Fenarelli moved to a screen on the wall and signalled to one of the detectives. ‘The kidnap victim was taken here.’ He pointed to a spot on a large-scale map where Anastasia’s car had been stopped. ‘The bodies were found here and here. We believe that Mrs Hisami was then taken towards the east, because there are the signs of a car turning at this point – here. But the more important clue found at the crime scene was a hundred metres to the east. Several cigarette butts – and we’ve matched the DNA on them to Scorza and Bucco. The men were obviously waiting there a long while before the interception took place.’

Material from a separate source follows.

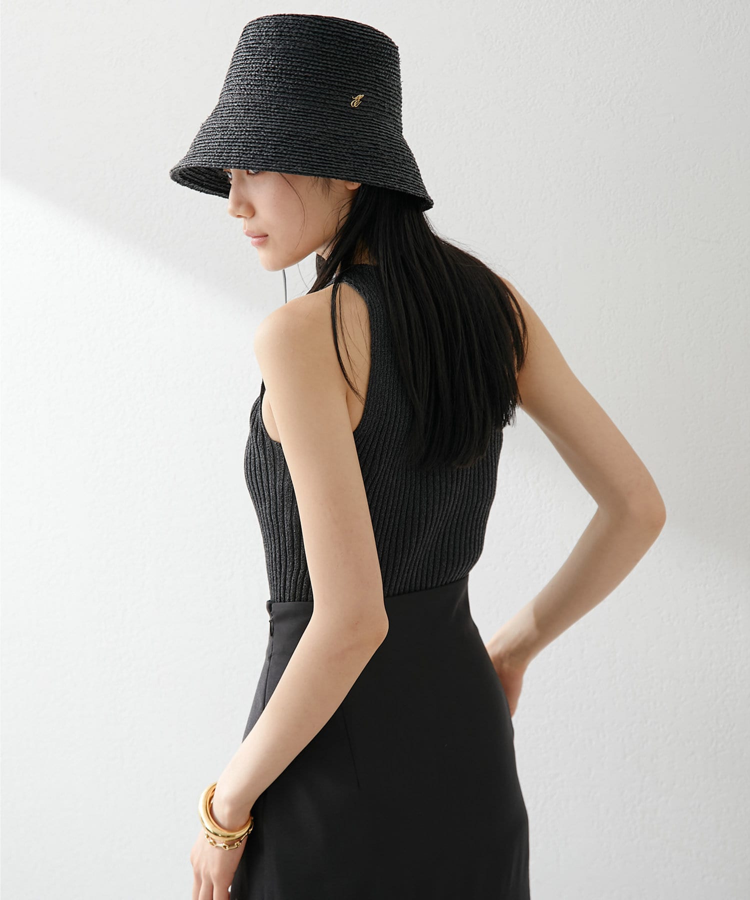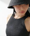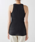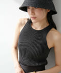 ■すっきりとしたシルエットながら、リブの表情が華やかで一枚でもサマになるデザイン。

He turned to his audience. ‘This is significant because it establishes, without doubt, that the operation was carried out by the Camorra, not the ‘Ndrangheta, the pre-eminent organised crime group in Calabria.’
‘Why do you say it’s significant?’ asked one of the men from the US Embassy.
‘Because it’s unusual for the Camorra to operate so deep in ‘Ndrangheta territory, and for them to carry out a kidnapping in this area is unheard of. ’Ndrangheta – yes! They have many places to hide the victim, in caves and forests all over the region, but the Camorra have no facilities like this. They would have to move the victim a long way to a place they could be sure would not be discovered.
‘So, this suggests many questions to us. One, why were the Camorra prepared to risk offending their enemies in Calabria? Is it because Mr Hisami is very, very rich and they expect to win a large ransom for his wife? Two, why were the Camorra operating in Sicilia? We know that Bucco and Scorza were in Sicilia for one week before the kidnapping and that they were using this time to find the two immigrants that Mrs Hisami recognised on the road. There was a lot of intelligence needed for this and …’ He held up his index finger. ‘They had up-to-date information about Mrs Hisami’s movements. That takes much organisation. Just these two men, operating
outside their familiar territory of Napoli, could not have done this on their own. So, we conclude that the Cosa Nostra of Sicilia helped them. That interests us because that kind of cooperation can only be arranged at the highest level. And then we ask ourselves other questions. What is the purpose of this collaboration? Is it money? Why was she not taken in Sicilia? Why did they wait until she was on the road in Calabria, a journey which she only decided to make ten hours before leaving?’ He shook his head. ‘You see, this is not a regular case.’
‘Any news about the car, Colonel?’ asked Zillah, without looking up from her tablet.
‘We have put in place national alerts for the men and the car, as you know, but there is nothing. We know that Scorza and Bucco did not return to their families. Our sources in Napoli say that Scorza’s wife was expecting him home to take his vows as a godparent for her sister’s child. Her sister is married to a Camorra boss, so that interests us. Why has Scorza not come back? We would expect these two men to deliver the victim to other members of the gang and return home.’
‘Can you say more about the search operation you have put in place?’ she asked.
‘We’ve covered the whole area near this place – le grotte e refuge di montagna …’
‘Caves and mountain shelters?’ offered Zillah.
‘Sí, the caves and mountain shelters, and also abandoned buildings. We have interviewed the people who live within five kilometres of the point of the interception and we are sure she is not being held anywhere near this place.’
Samson cleared his throat. ‘Feelings against illegal African immigrants are running high in your country. Is it possible a right-wing group kidnapped Mrs Hisami? Have you investigated extremist groups?’